Copy the following data exactly and drop the pictures.

##### Information given

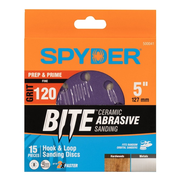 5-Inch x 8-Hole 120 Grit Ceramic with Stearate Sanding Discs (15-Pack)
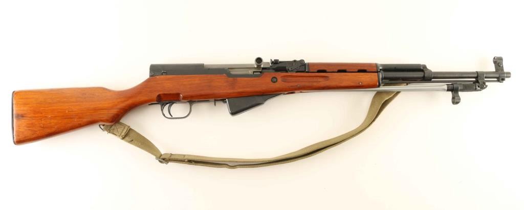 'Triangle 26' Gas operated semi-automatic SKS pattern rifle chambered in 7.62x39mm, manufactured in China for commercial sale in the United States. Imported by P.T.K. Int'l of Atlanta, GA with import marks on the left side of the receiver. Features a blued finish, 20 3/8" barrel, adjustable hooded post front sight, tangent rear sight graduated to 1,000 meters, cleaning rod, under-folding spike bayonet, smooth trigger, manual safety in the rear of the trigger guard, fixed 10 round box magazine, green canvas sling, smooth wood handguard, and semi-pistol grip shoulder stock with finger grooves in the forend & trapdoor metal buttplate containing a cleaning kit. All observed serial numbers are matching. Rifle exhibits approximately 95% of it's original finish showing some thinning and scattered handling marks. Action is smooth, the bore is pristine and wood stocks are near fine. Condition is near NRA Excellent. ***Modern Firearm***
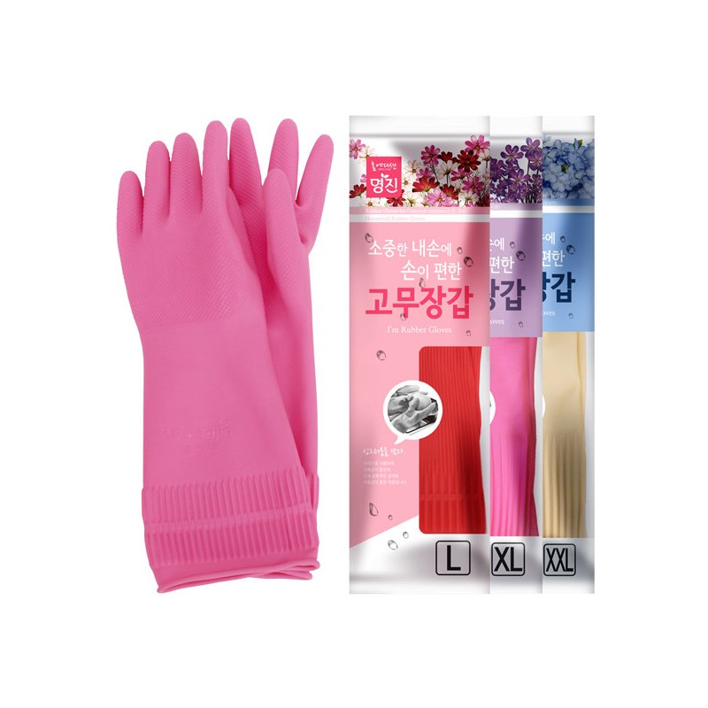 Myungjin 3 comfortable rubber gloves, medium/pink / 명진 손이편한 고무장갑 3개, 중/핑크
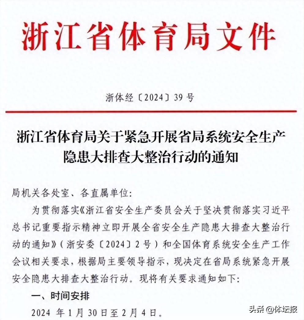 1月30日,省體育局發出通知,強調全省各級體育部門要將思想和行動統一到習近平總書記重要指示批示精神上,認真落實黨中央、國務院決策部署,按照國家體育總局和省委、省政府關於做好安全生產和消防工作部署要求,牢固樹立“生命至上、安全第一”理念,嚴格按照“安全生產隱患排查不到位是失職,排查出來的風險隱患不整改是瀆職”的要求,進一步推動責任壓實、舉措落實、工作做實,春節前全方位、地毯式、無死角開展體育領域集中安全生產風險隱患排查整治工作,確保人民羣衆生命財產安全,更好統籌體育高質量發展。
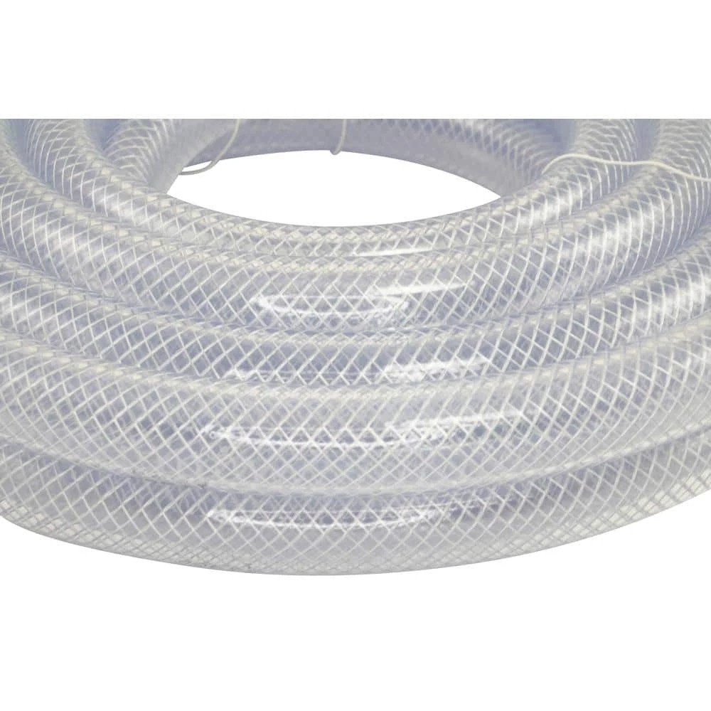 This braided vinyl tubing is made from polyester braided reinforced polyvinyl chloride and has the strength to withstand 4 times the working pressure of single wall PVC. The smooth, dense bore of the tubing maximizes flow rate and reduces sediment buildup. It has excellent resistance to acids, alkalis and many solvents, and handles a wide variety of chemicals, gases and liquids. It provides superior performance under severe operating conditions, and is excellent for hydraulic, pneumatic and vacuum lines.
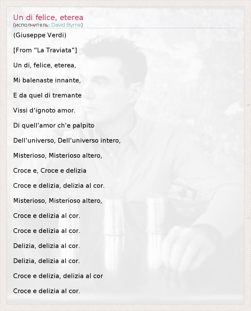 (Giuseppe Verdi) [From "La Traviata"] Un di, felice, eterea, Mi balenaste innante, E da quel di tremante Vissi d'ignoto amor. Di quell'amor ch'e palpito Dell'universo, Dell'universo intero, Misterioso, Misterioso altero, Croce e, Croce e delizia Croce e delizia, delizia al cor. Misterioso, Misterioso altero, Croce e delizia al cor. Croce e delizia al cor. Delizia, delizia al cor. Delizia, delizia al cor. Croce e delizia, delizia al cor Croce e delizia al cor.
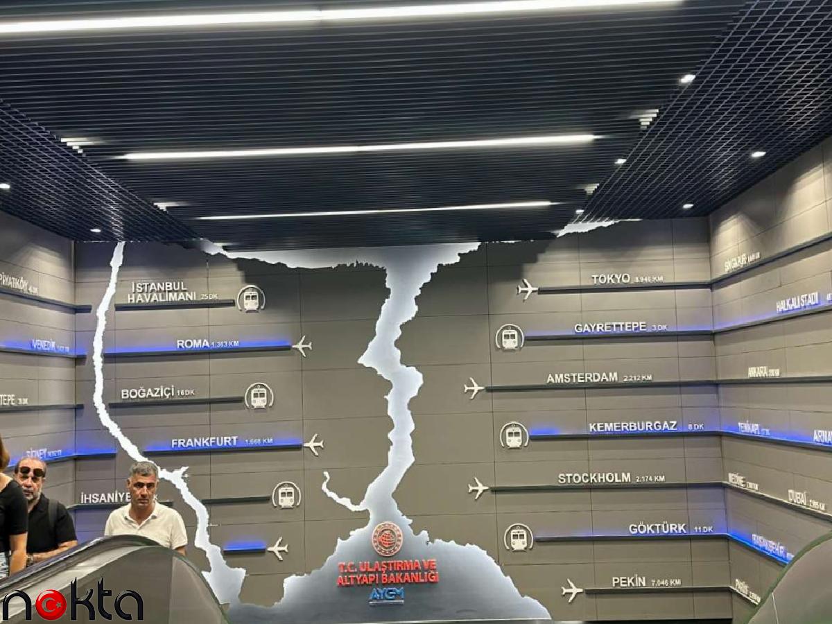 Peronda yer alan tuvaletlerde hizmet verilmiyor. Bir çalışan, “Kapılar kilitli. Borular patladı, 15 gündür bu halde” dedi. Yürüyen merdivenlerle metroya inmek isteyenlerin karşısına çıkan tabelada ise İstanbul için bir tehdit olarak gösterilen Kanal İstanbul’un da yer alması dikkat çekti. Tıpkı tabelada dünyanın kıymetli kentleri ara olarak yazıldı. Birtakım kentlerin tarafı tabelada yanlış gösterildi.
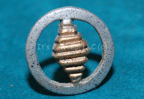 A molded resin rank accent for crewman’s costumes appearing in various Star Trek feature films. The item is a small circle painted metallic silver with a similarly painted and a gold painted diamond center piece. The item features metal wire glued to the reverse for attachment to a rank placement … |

##########

*Response to this task*
 5-Inch x 8-Hole 120 Grit Ceramic with Stearate Sanding Discs (15-Pack)
 'Triangle 26' Gas operated semi-automatic SKS pattern rifle chambered in 7.62x39mm, manufactured in China for commercial sale in the United States. Imported by P.T.K. Int'l of Atlanta, GA with import marks on the left side of the receiver. Features a blued finish, 20 3/8" barrel, adjustable hooded post front sight, tangent rear sight graduated to 1,000 meters, cleaning rod, under-folding spike bayonet, smooth trigger, manual safety in the rear of the trigger guard, fixed 10 round box magazine, green canvas sling, smooth wood handguard, and semi-pistol grip shoulder stock with finger grooves in the forend & trapdoor metal buttplate containing a cleaning kit. All observed serial numbers are matching. Rifle exhibits approximately 95% of it's original finish showing some thinning and scattered handling marks. Action is smooth, the bore is pristine and wood stocks are near fine. Condition is near NRA Excellent. ***Modern Firearm***
 Myungjin 3 comfortable rubber gloves, medium/pink / 명진 손이편한 고무장갑 3개, 중/핑크
 1月30日,省體育局發出通知,強調全省各級體育部門要將思想和行動統一到習近平總書記重要指示批示精神上,認真落實黨中央、國務院決策部署,按照國家體育總局和省委、省政府關於做好安全生產和消防工作部署要求,牢固樹立“生命至上、安全第一”理念,嚴格按照“安全生產隱患排查不到位是失職,排查出來的風險隱患不整改是瀆職”的要求,進一步推動責任壓實、舉措落實、工作做實,春節前全方位、地毯式、無死角開展體育領域集中安全生產風險隱患排查整治工作,確保人民羣衆生命財產安全,更好統籌體育高質量發展。
 This braided vinyl tubing is made from polyester braided reinforced polyvinyl chloride and has the strength to withstand 4 times the working pressure of single wall PVC. The smooth, dense bore of the tubing maximizes flow rate and reduces sediment buildup. It has excellent resistance to acids, alkalis and many solvents, and handles a wide variety of chemicals, gases and liquids. It provides superior performance under severe operating conditions, and is excellent for hydraulic, pneumatic and vacuum lines.
 (Giuseppe Verdi) [From "La Traviata"] Un di, felice, eterea, Mi balenaste innante, E da quel di tremante Vissi d'ignoto amor. Di quell'amor ch'e palpito Dell'universo, Dell'universo intero, Misterioso, Misterioso altero, Croce e, Croce e delizia Croce e delizia, delizia al cor. Misterioso, Misterioso altero, Croce e delizia al cor. Croce e delizia al cor. Delizia, delizia al cor. Delizia, delizia al cor. Croce e delizia, delizia al cor Croce e delizia al cor.
 Peronda yer alan tuvaletlerde hizmet verilmiyor. Bir çalışan, “Kapılar kilitli. Borular patladı, 15 gündür bu halde” dedi. Yürüyen merdivenlerle metroya inmek isteyenlerin karşısına çıkan tabelada ise İstanbul için bir tehdit olarak gösterilen Kanal İstanbul’un da yer alması dikkat çekti. Tıpkı tabelada dünyanın kıymetli kentleri ara olarak yazıldı. Birtakım kentlerin tarafı tabelada yanlış gösterildi.
 A molded resin rank accent for crewman’s costumes appearing in various Star Trek feature films. The item is a small circle painted metallic silver with a similarly painted and a gold painted diamond center piece. The item features metal wire glued to the reverse for attachment to a rank placement … |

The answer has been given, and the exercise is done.